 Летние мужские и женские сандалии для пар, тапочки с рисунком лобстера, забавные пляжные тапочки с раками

_ _ _ _ _

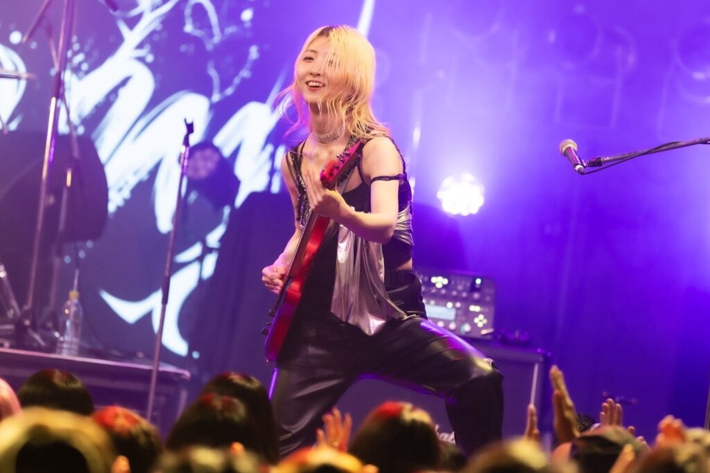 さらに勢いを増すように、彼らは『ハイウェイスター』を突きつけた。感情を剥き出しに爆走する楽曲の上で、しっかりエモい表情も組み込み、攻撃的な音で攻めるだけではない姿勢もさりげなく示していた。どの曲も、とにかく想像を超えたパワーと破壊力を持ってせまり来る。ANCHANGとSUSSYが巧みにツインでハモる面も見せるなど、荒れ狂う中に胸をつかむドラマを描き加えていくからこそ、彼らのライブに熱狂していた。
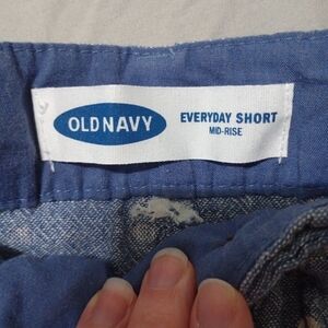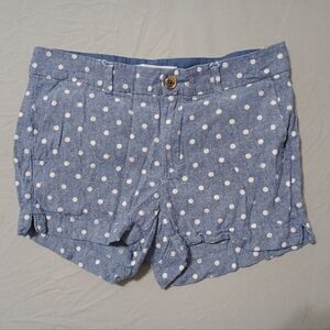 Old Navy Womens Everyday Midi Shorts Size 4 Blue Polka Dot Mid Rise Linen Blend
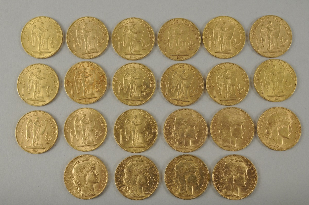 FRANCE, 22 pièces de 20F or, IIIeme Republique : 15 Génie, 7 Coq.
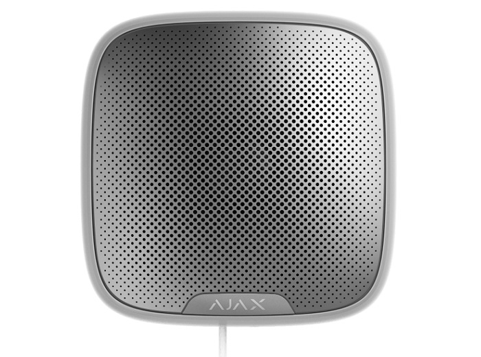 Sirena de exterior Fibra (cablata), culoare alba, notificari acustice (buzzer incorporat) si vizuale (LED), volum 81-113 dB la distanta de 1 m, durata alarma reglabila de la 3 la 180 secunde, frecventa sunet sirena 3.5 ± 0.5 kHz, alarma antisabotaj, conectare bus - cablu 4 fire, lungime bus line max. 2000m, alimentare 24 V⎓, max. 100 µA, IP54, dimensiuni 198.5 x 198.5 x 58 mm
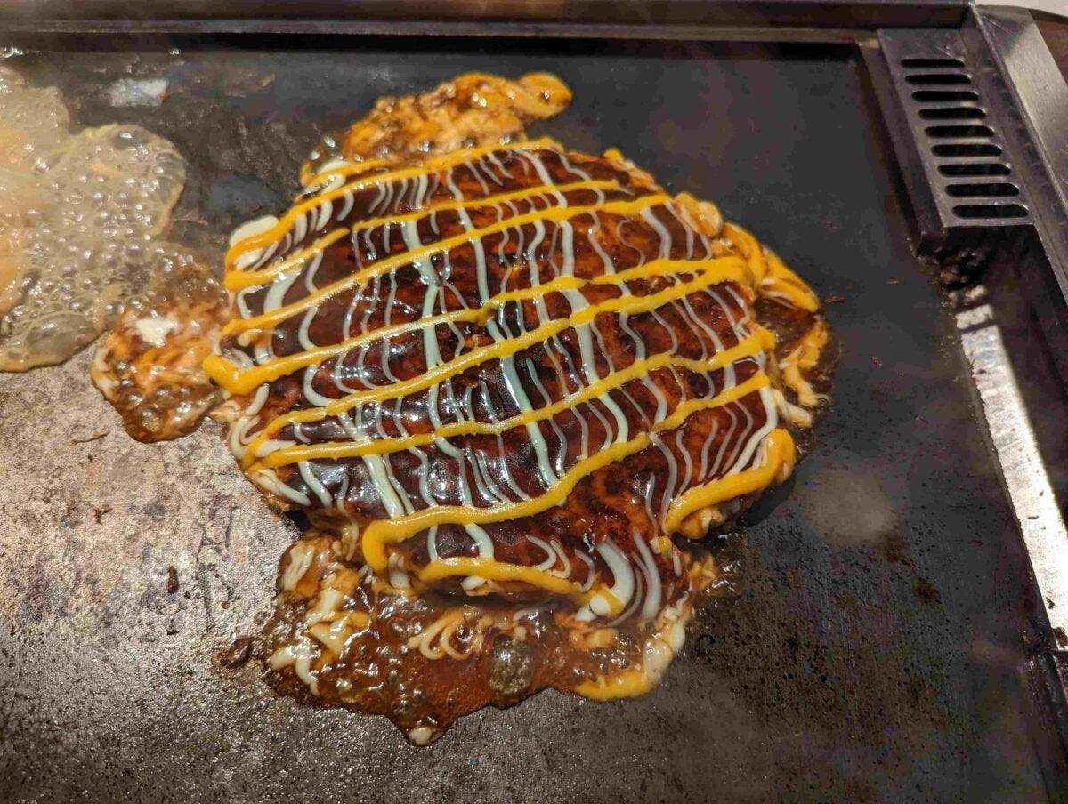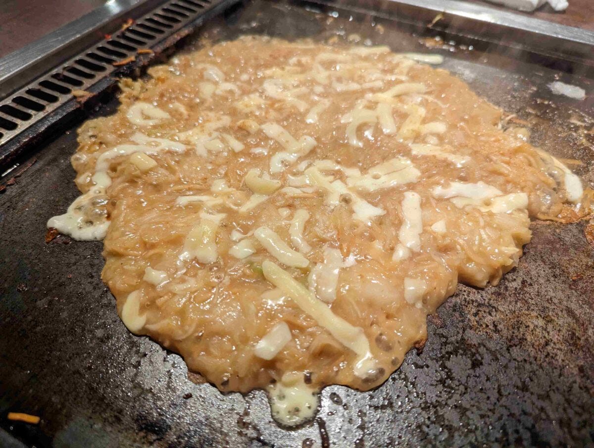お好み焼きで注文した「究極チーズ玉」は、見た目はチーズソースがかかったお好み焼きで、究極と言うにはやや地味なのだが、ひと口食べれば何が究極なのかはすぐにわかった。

_ _ _ _ _

_What you are asked to do_: Print the part of the listing above that opens with the line containing "FRANCE, 22 pièces" and closes with the line containing "お好み焼きで注文した「究極チ". Copy it exactly, both ends included, and omit the pictures.

_Answer to this exercise_:
 FRANCE, 22 pièces de 20F or, IIIeme Republique : 15 Génie, 7 Coq.
 Sirena de exterior Fibra (cablata), culoare alba, notificari acustice (buzzer incorporat) si vizuale (LED), volum 81-113 dB la distanta de 1 m, durata alarma reglabila de la 3 la 180 secunde, frecventa sunet sirena 3.5 ± 0.5 kHz, alarma antisabotaj, conectare bus - cablu 4 fire, lungime bus line max. 2000m, alimentare 24 V⎓, max. 100 µA, IP54, dimensiuni 198.5 x 198.5 x 58 mm
お好み焼きで注文した「究極チーズ玉」は、見た目はチーズソースがかかったお好み焼きで、究極と言うにはやや地味なのだが、ひと口食べれば何が究極なのかはすぐにわかった。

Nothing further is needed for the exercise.